Clustering

By Ashle’ Tate

What is clustering?

If you’re anything like me, a teacher candidate and a huge foodie, when you hear the word ‘cluster’ the first thing you think of are those delicious chocolates with caramel and nuts.The second thing you think of is the grouping and instructional practice that supports gifted and talented students…. Well I’m here to tell you that clustering in the world of DH is neither of those things.

Me after learning that:

If you’re reading or have read Jocker’s Text Analysis with R for Student of Literature and read chapter 11 you may have felt like this:

Jockers does a great job of explaining the code behind the process but between that and all of the Euclidean metric and unsupervised clustering talk, it can feel a little overwhelming.

Here is clustering plain and simple:

Document clustering is used to generate hierarchical clusters of documents. Document clustering involves the use of descriptors and descriptor extraction. Descriptors are sets of words that describe the contents within the cluster. Using the Euclidean metric, clustering is able to calculate each book/section’s distance from every other book/section in a corpus. Books with a closer distance will have similarities in regards to their feature usage, and books with a wider distance will be less similar in their feature usage.

How:

We used R Studio

We used dist ( a function that uses the Euclidean metric to create a distance matrix) and hclust or hierarchical clustering (which clusters the data in a distance matrix).
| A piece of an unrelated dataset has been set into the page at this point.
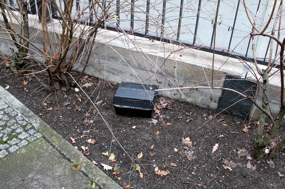 Hier wurden Ratten-Köderboxen in der Nähe von Mülltonnen an einem Wohnblock aufgestellt. Das dürfen nur Fachleute. Und diese müssen immer entsprechende Warnschilder mit Angaben zur Schädlingsbekämpfungsfirma und zum ausgelegten Gift aufstellen.
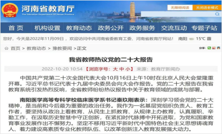 1.党建引领,学习赋能。党的二十大胜利召开以来,我系通过多种方式认真学习贯彻党的二十大精神。系党总支书记秦玖刚热议党的二十大报告的学习体会被河南省教育厅网站发表,在全系掀起了学习党的二十大精神的高潮。通过开展党课,召开教学工作会,在师生中宣讲党的二十大精神。组织党员干部参加“奋进新征程 建功新时代”在线答题活动,收看党的二十大精神专题培训,把广大师生的思想和行动统一到党的二十大精神上来,为教育教学工作发展注入强大动力。

Screen Shot 2017-04-24 at 1.31.12 AM.png

You can use the following code:

Screen Shot 2017-04-24 at 1.12.05 AM.png

In our exploration of this we created a dendrogram using a TEI XML corpus. We looked at top word frequency. The results of the clustering allowed us to see the relationship between texts from different time periods and genres. We wanted to explore this collection of texts to find out who the anonymous author was.

Find our dendrogram attached below:

Cluster Dendrogram (3)

When: If you ran your code and now have your cluster dendrogram, you might feel a little like this:

 

And you might be asking yourself, when would I ever really need to use this? Dr. Jaime Jordan, gave me a great example, “ A grocer might use clustering to determine 5 main groups of shoppers to target with their rewards program.” There are many relevant uses for clustering in business and as DH continues to grow, we will discover more ways to use clustering in the humanities.

So what?: So what did we learn from our cluster dendrogram? We learned that the anonymous author was William Shakespeare. This data allows us to make several predictions about these anonymous texts. #ghostwriter? In our next adventure we explore classification and we will explore this a little more!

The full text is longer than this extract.